South Korea / 2016 / Sang-chan Kim
This was my second solo viewing of the festival and this film grew on me as I watched, mostly because the film allowed the characters’ details to be painted in layer-by-layer as their interactions with different people gradually revealed more about them. This helped explain the motivations behind some of their actions – each time a new character was introduced I struggling to like or relate to them at first, but upon finding out more it became easy to soften and want to see them overcome their troubles. The basic premise is that there is a struggling, small town karaoke bar where – each for their own reason – a collection of outsiders have holed up and are escaping the world outside. Almost all of the film is set in the dated interior of Addiction Karaoke, and three of the four main characters almost never leave which makes the whole film feel at times claustrophobic.
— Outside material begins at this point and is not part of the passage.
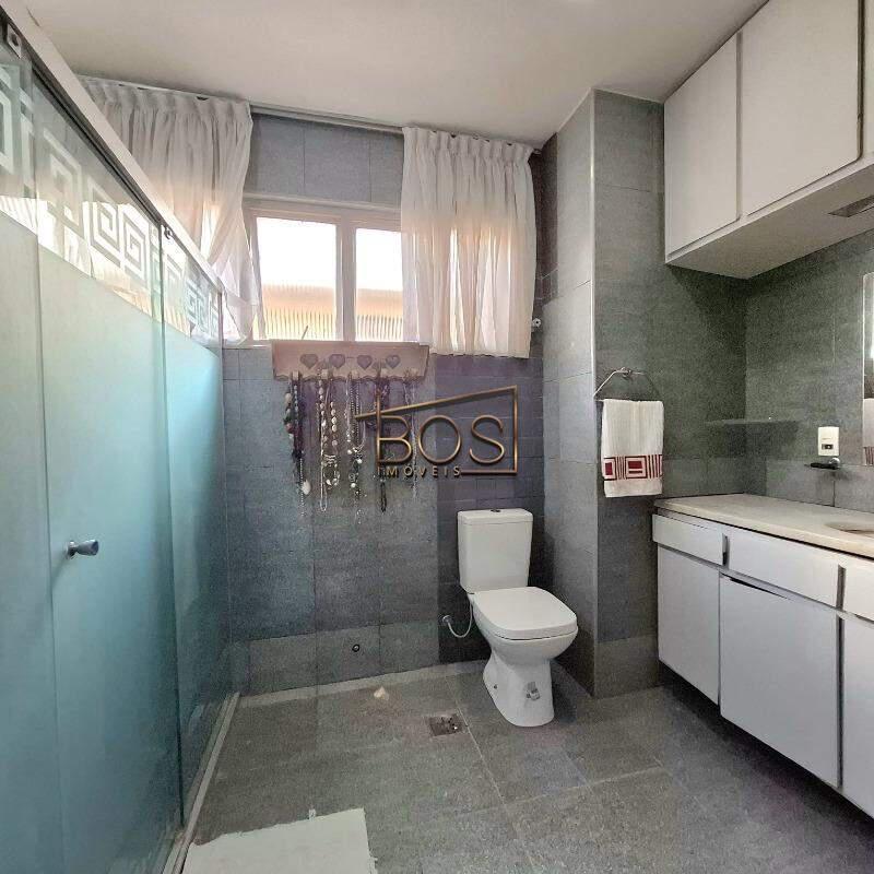- Banheiro Social grande, com armários, box grande de vidro, espelho em toda parede

This setup presents moments of visual kitschness and humour as well as showing the uglier side of humanity.
A Decent Woman (Los Decentes)
Argentina / 2016 / Lukas Valenta Rinner
I really enjoyed the majority of this film, I liked the pacing, I liked the camera work and the colours, I enjoyed seeing the relationships between the characters, I was intrigued by Belen’s awkward physicality and I loved the banal hilarity of watching humans go about daily activities sans clothes. What I didn’t enjoy so much was the ending. Aparently this director has form with abrupt gear changes – he’s claimed that he chose this ending to “provide catharsis” and I’m not sure I would have known how to end it myself, but still, I’m sure there was another way.
Town in a Lake (Matangtubig)
The Philippines / 2015 / Jet Leyco
I got wrong footed on this one – I didn’t pay enough attention to the abductors in the opening scenes and as such I was left struggling to catch up the whole way. I think that the crime at the centre of this film was perpetrated by two officials, but I’m not really sure. It was hard to make out detail anyway since so much of this film made use of very dim lighting, details were lost to the murk. It felt almost like maybe a similar thing has happened with the subtitles, sometimes I felt that I must have missed some nuance of speech which would have explained a characters actions. Everything that I’d read about this film before going to see it suggested that it talked about corruption and media (over)involvement in the lives of grieving families, which is true, but it felt like I was missing something. Towards the end there was a supernatural element added to the melee which was just an extra confusion for me.